[RECORDED INFORMATION — start]

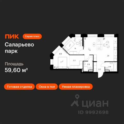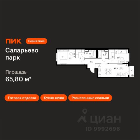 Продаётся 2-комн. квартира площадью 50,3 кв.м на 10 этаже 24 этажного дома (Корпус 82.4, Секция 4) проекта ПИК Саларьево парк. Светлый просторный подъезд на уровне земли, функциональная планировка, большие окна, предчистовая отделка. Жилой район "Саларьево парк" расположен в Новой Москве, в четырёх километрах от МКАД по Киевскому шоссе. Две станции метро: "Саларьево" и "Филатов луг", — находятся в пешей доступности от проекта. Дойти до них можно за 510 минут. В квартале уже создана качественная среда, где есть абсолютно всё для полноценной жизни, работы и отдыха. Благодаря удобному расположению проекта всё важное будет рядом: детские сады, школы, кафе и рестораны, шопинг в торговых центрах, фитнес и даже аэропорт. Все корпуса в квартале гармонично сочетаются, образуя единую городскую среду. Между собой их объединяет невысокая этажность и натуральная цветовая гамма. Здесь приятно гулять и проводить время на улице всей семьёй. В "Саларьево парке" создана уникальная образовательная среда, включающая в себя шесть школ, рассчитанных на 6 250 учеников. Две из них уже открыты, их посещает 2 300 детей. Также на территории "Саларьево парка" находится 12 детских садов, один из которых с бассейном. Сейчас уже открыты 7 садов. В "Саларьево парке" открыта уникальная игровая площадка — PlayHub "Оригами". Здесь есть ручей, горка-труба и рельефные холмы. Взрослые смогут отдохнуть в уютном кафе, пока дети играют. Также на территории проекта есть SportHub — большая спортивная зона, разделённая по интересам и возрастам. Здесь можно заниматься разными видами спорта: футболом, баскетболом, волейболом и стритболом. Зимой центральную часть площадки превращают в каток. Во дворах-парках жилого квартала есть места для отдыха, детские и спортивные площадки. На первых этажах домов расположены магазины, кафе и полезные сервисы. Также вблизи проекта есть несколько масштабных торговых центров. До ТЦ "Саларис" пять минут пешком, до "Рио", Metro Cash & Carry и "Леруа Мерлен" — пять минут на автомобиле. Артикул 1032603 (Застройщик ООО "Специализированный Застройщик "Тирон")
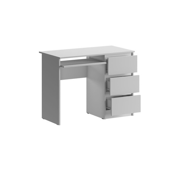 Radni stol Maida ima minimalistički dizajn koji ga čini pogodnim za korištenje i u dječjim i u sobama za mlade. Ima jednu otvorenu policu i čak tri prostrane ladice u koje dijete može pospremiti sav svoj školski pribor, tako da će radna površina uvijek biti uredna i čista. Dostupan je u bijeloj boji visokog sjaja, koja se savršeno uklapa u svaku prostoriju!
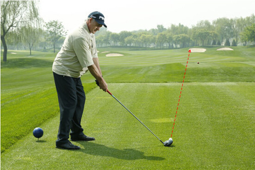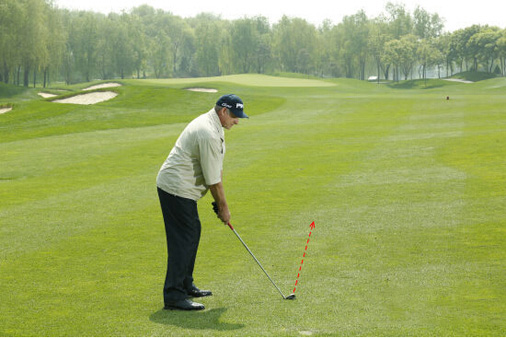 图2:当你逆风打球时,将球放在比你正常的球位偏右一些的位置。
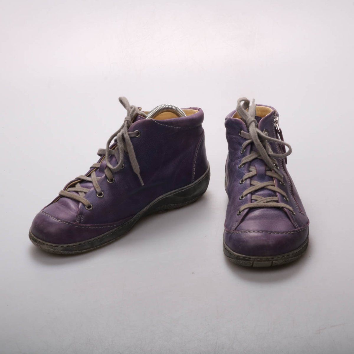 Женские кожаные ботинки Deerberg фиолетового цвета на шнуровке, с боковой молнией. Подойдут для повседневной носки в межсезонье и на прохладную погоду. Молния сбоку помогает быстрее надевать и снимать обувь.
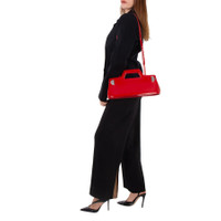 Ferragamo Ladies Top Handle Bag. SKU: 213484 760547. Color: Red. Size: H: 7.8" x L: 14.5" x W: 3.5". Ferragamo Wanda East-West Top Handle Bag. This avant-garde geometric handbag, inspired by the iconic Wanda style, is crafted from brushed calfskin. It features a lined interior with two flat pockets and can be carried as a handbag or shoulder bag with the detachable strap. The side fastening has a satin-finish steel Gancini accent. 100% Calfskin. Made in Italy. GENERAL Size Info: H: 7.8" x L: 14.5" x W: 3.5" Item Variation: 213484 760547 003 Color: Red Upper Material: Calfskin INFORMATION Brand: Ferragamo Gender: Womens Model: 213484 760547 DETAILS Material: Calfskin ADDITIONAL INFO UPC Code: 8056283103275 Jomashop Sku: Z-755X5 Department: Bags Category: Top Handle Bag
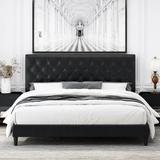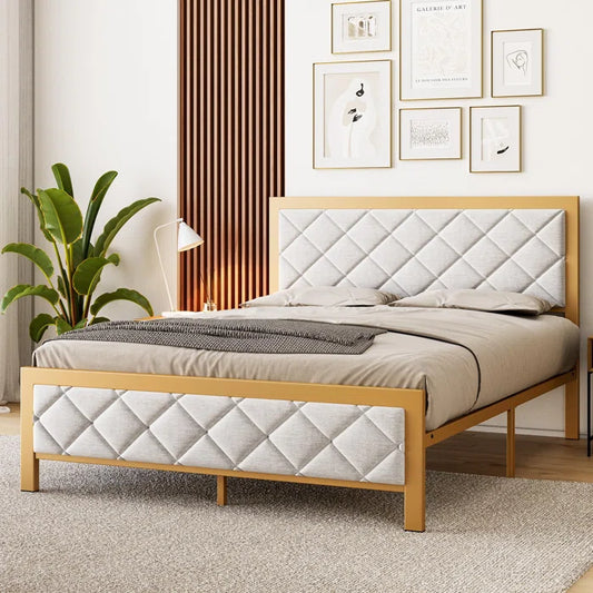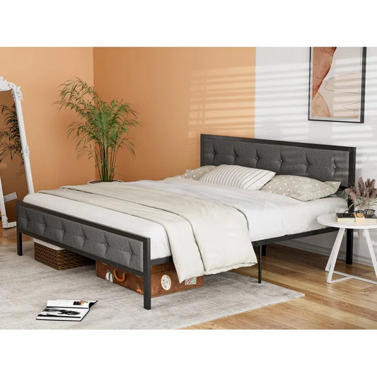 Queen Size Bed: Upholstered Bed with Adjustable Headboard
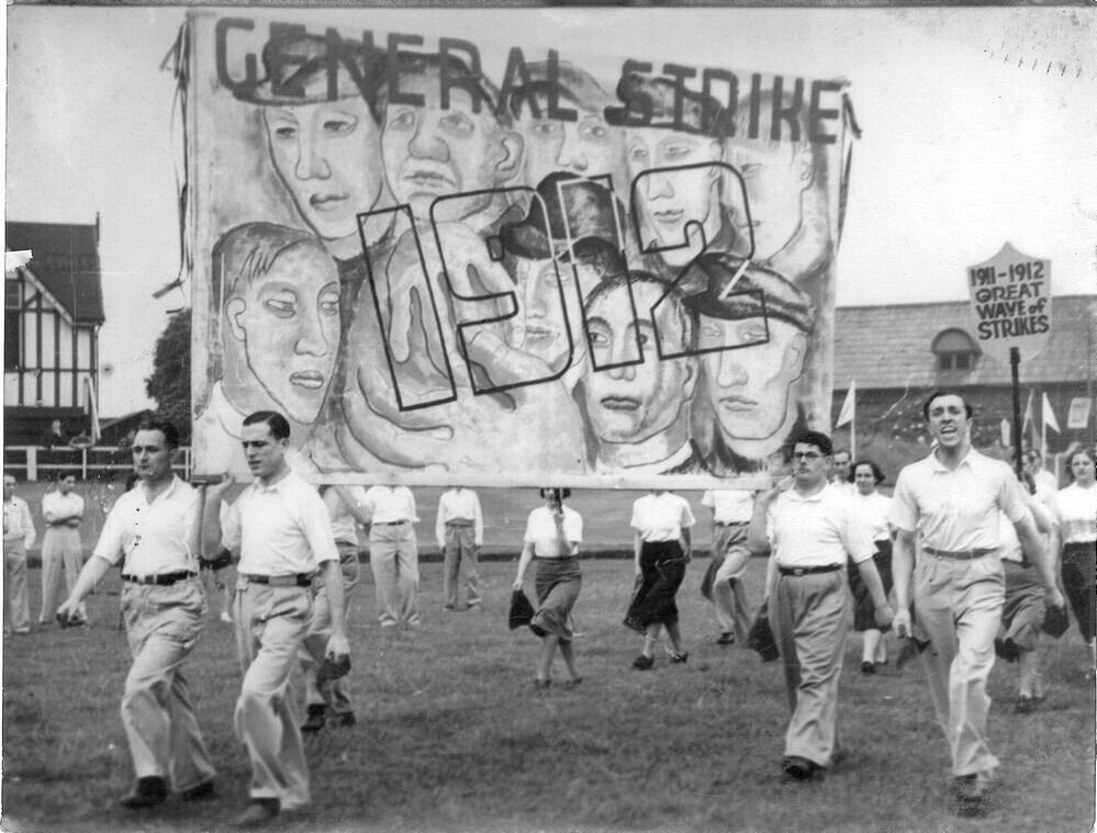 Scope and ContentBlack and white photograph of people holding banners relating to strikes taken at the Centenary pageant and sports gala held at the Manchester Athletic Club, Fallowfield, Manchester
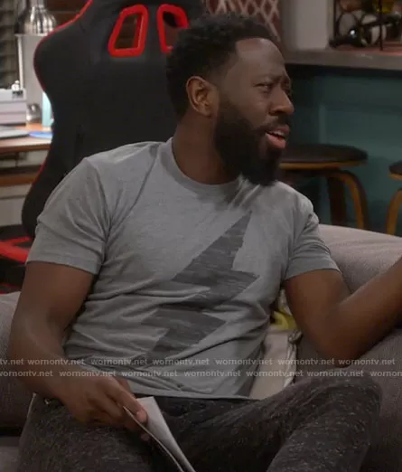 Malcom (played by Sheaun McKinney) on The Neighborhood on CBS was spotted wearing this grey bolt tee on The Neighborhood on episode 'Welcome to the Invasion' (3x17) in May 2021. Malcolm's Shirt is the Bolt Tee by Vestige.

[RECORDED INFORMATION — finish]

Copy exactly the part of the material above that opens with the line containing "Ferragamo Ladies Top" and closes with the line containing "Queen Size Bed: Upholstered", ends included. Drop the images.

 Ferragamo Ladies Top Handle Bag. SKU: 213484 760547. Color: Red. Size: H: 7.8" x L: 14.5" x W: 3.5". Ferragamo Wanda East-West Top Handle Bag. This avant-garde geometric handbag, inspired by the iconic Wanda style, is crafted from brushed calfskin. It features a lined interior with two flat pockets and can be carried as a handbag or shoulder bag with the detachable strap. The side fastening has a satin-finish steel Gancini accent. 100% Calfskin. Made in Italy. GENERAL Size Info: H: 7.8" x L: 14.5" x W: 3.5" Item Variation: 213484 760547 003 Color: Red Upper Material: Calfskin INFORMATION Brand: Ferragamo Gender: Womens Model: 213484 760547 DETAILS Material: Calfskin ADDITIONAL INFO UPC Code: 8056283103275 Jomashop Sku: Z-755X5 Department: Bags Category: Top Handle Bag
 Queen Size Bed: Upholstered Bed with Adjustable Headboard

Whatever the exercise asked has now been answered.